October 13, 2017   ·   0 Comments

By Jasen Obermeyer

Mono Council and staff are looking at repairing the Mono-Adjala Townline near its intersection with Highway 89.

At Tuesday’s (October 10) Council meeting, Michael Dunmore, the town’s Director of Public Works and Roads Superintendent, gave a report to Council which looked at the condition of the east side of the Townline, where there is a 1.2-metre ditch “in close vicinity of the east side of the travelled roadway” approaching the intersection.

Mr. Dunmore said Public Works has received complaints from residents regarding congestion, and has seen “an increased log of concerns to that intersection.” The concern was due to a lack of safe parking and vehicles backing up and turning around at the intersection. The Town has also received complaints of vehicles parking farther south on the Townline in front of residential properties.

Public Works gave to Council four optional repair designs, with Council unanimously agreeing on one option. “This has been on my agenda for quite awhile,” said Councillor Sharon Martin.

The option, dubbed Option 1, will see the removal/filling of the ditch with the installation of an underground storm sewer pipe with an open culvert, catch basins and concrete curbs. The concrete curb system will “support the asphalt and prevent edge cracking and eliminate the need for a gravel shoulder.”

The option eliminates the existing gravel parking spots on the west side of the road and replaces them with two parallel spots, while adding four parallel parking spots on the east side of the road, giving a total of six parking spots. “Generally this type of parallel parking is what we’re accustomed to,” said Mr. Dunmore.
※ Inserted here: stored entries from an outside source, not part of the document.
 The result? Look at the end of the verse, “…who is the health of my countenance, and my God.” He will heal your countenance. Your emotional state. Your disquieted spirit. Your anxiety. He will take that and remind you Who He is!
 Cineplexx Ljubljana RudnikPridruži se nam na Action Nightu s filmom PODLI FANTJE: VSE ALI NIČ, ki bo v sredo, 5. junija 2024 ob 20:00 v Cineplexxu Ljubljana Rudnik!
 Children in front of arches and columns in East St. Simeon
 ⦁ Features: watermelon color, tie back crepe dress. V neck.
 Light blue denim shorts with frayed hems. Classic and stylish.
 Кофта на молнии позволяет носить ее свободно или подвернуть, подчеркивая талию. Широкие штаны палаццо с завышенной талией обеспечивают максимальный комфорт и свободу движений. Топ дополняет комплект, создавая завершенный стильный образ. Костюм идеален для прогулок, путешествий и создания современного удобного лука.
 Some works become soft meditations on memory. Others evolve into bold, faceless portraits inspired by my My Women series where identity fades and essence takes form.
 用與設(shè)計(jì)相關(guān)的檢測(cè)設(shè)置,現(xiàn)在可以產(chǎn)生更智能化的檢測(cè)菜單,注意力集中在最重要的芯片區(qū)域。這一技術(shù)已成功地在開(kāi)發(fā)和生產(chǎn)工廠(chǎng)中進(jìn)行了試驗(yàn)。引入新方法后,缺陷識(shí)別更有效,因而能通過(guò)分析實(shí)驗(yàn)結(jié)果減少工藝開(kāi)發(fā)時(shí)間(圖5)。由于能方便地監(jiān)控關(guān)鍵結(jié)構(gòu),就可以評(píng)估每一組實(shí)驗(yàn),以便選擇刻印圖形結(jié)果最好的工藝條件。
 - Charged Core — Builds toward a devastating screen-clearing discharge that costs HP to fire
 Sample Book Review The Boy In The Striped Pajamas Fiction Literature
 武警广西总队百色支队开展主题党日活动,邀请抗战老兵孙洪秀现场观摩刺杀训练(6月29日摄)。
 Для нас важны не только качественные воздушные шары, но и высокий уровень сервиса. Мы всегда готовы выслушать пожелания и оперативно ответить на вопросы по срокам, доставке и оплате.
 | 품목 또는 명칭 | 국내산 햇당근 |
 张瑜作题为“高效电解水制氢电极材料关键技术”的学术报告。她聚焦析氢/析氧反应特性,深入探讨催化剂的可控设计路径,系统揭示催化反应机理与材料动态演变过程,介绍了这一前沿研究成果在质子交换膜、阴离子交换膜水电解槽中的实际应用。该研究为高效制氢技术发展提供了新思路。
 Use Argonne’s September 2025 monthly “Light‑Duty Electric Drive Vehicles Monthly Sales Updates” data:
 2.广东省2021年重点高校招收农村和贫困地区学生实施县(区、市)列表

However, although Council agreed on the option, CAO Mark Early told Council “we need to know whether this is even supportable by the Ministry of Transportation,” and will initiate discussions with the ministry.

Council also discussed the damage in Mono caused by flooding on June 23 . Public Works reported that there was “an estimated financial impact” of $151,000, and that “It would not make sense to repair only the flood damage but to also repair the damage pre-flood from the 2016 Bridge Inspection findings.” The total impact to the Town for the needed repairs is $216,000.

Mr. Dunmore said they’re currently struggling with looking for appropriate contractors to start some of the more “time-sensitive repairs” before the end of the year. “We’re hopeful that they’re all coming off their summer bridges which they’ve constructed.”

Council will discuss the costs during its budget meeting in November.

Council also looked at a report from Public Works on the temporary re-opening of the Town’s landfill site to accommodate debris left from the Easter weekend ice storm.

Residents had requested, and were given, nine special days throughout May to drop off debris left over from the storm. However, the report said the response “was not as expected, numbers were low and the loads received were few and far between.”

Council unanimously rejected opening the landfill site this fall, “due to the reduced number of visits from residents and the decrease in the amount of collectable items.”